= Dorothy Shaw Bell Choir =

American handbell choir

The Dorothy Shaw Bell Choir is the internationally acclaimed community handbell choir from Fort Worth, TX. Founded in 1964 to be a part of the annual Christmas play-pageant The Littlest Wiseman, the choir has evolved into a musical organization.

The Dorothy Shaw Bell Choir has performed for royalty and diplomats, as well as elderly and underprivileged citizens throughout the world. The choir has made several recordings and recorded with groups including the Gregg Smith Singers and the Texas Boys Choir. It has performed at varied locations such as schools, retirement centers, local festivals, churches, The Bass Performance Hall with the Fort Worth Symphony Orchestra, Carnegie Hall with Skitch Henderson and the New York Pops, the Vatican for Pope John Paul II, and Carols by Candlelight in Adelaide, South Australia attended by 30,000 people.
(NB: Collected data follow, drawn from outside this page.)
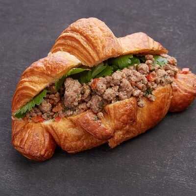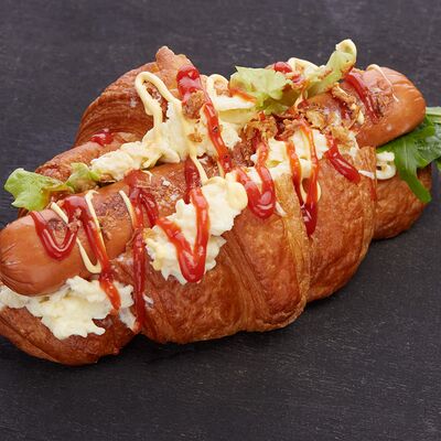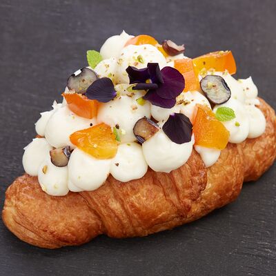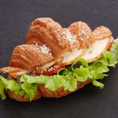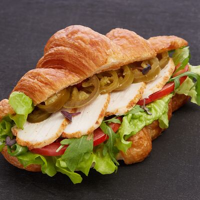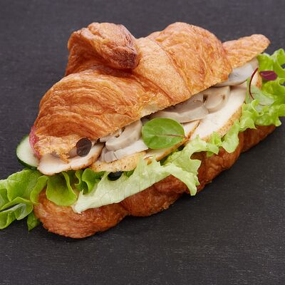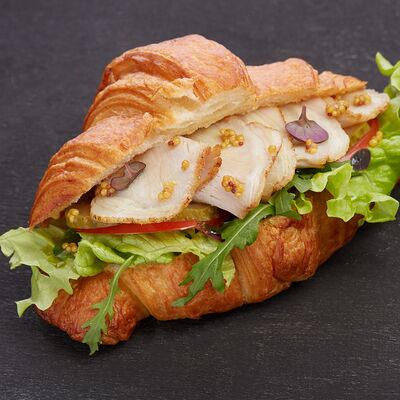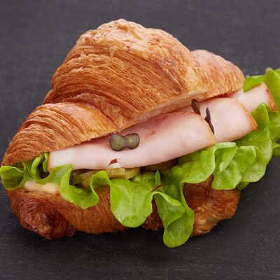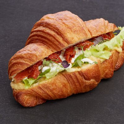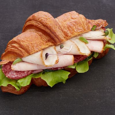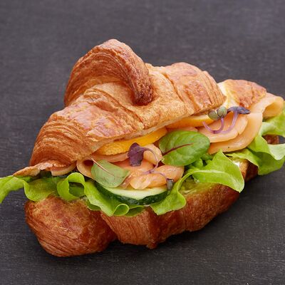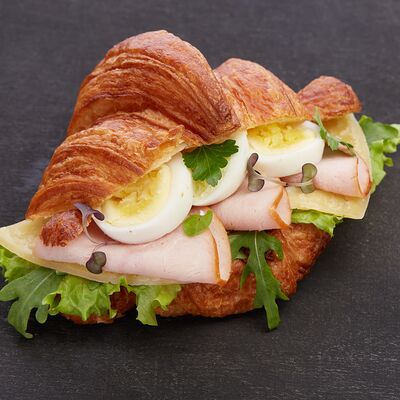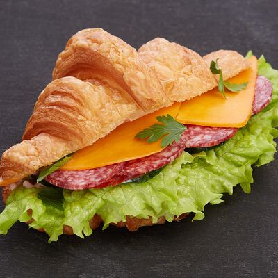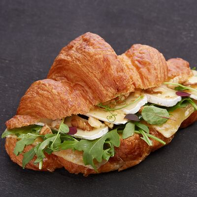 Круассан, крем-сыр, маасдам, камамбер, руккола, мёд, орех грецкий
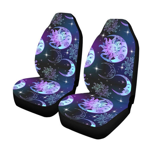Sun Moon Stars Car Seat Covers for Vehicle (2 pcs), Celestial Retro Purple Witchy Front SUV Auto Truck Universal Protector Women Accessories
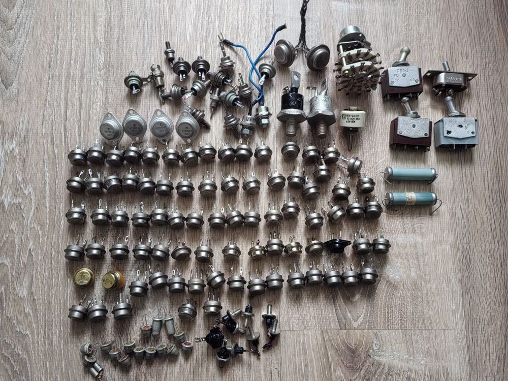 транзисторы диоды идругие детали новые и бу вес всех деталей 2 кг.

The Dorothy Shaw Bell Choir performs a wide-ranging repertoire—from classical to contemporary. Their music varies from the early 16th century "Change Ringing" to the familiar samba "Brazil". The choir's repertoire is specifically arranged and written for them by their Producing Director Jack Noble White. The Dorothy Shaw Bell Choir is unique in several ways. They do not perform with sheet music and/or a conductor, all of the music is performed solely from memory. They do not wear gloves, each member is expected to take impeccable care of their bells. They also do not use tables to rest their bells on while performing, as the tables can disrupt the musical performance.

The Dorothy Shaw Bell Choir performs with approximately thirty members from the Dallas/Fort Worth Metroplex. All members are students. They rehearse for two and a half hours six times a month during the regular school year. The Senior Choir is the performing group. They are mirrored by the Junior Choir which undergoes extensive training while waiting for promotion. The Preparatory Choir is the entry-level training group, which accepts approximately 5–10 members each semester.